Instructions for the task
Give the lines below again exactly, starting with the line that holds "buttons, 3/4 sleeves." and going on through the line that holds "Este convite de".

Dataset records
- - - - - - -

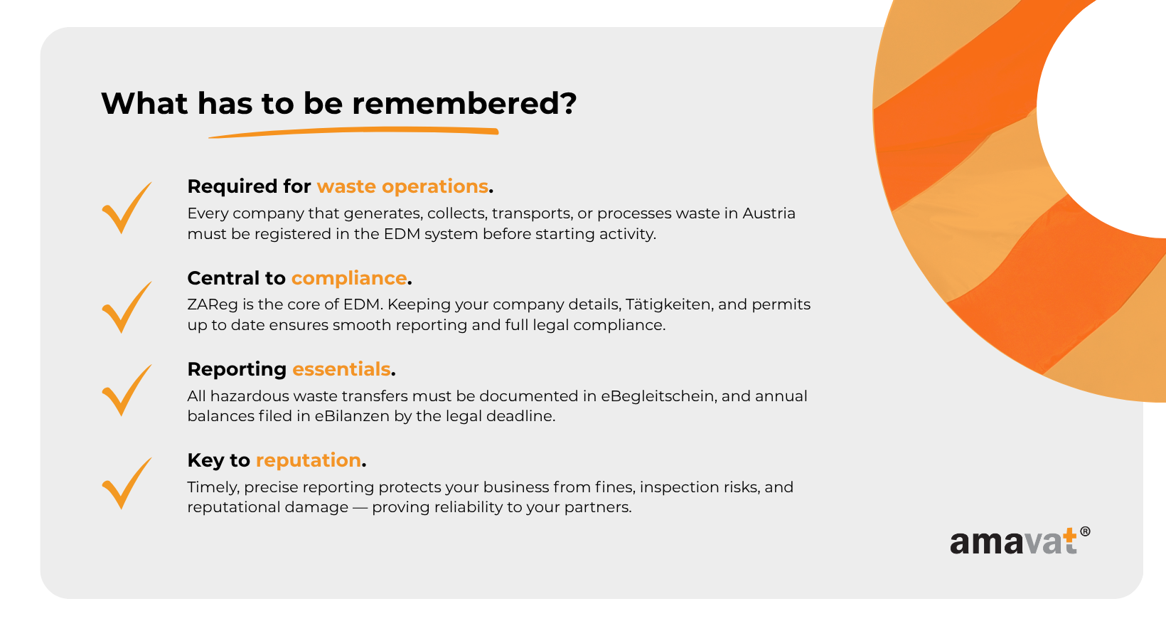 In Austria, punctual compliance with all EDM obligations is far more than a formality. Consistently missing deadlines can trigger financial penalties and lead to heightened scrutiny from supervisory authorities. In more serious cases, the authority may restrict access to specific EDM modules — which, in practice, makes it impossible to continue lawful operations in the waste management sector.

- - - - - - -

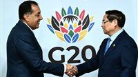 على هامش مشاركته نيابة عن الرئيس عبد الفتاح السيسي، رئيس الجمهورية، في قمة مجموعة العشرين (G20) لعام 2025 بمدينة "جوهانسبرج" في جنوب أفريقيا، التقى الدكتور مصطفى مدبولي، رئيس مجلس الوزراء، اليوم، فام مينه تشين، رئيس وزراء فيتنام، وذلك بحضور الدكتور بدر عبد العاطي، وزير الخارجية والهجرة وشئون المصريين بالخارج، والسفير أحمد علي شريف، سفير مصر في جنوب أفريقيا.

- - - - - - -

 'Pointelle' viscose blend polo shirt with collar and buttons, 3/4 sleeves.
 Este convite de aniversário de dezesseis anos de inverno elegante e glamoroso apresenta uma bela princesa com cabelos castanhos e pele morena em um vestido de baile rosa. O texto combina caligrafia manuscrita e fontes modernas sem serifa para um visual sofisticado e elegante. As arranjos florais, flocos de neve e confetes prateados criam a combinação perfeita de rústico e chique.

- - - - - - -

Your response
 'Pointelle' viscose blend polo shirt with collar and buttons, 3/4 sleeves.
 Este convite de aniversário de dezesseis anos de inverno elegante e glamoroso apresenta uma bela princesa com cabelos castanhos e pele morena em um vestido de baile rosa. O texto combina caligrafia manuscrita e fontes modernas sem serifa para um visual sofisticado e elegante. As arranjos florais, flocos de neve e confetes prateados criam a combinação perfeita de rústico e chique.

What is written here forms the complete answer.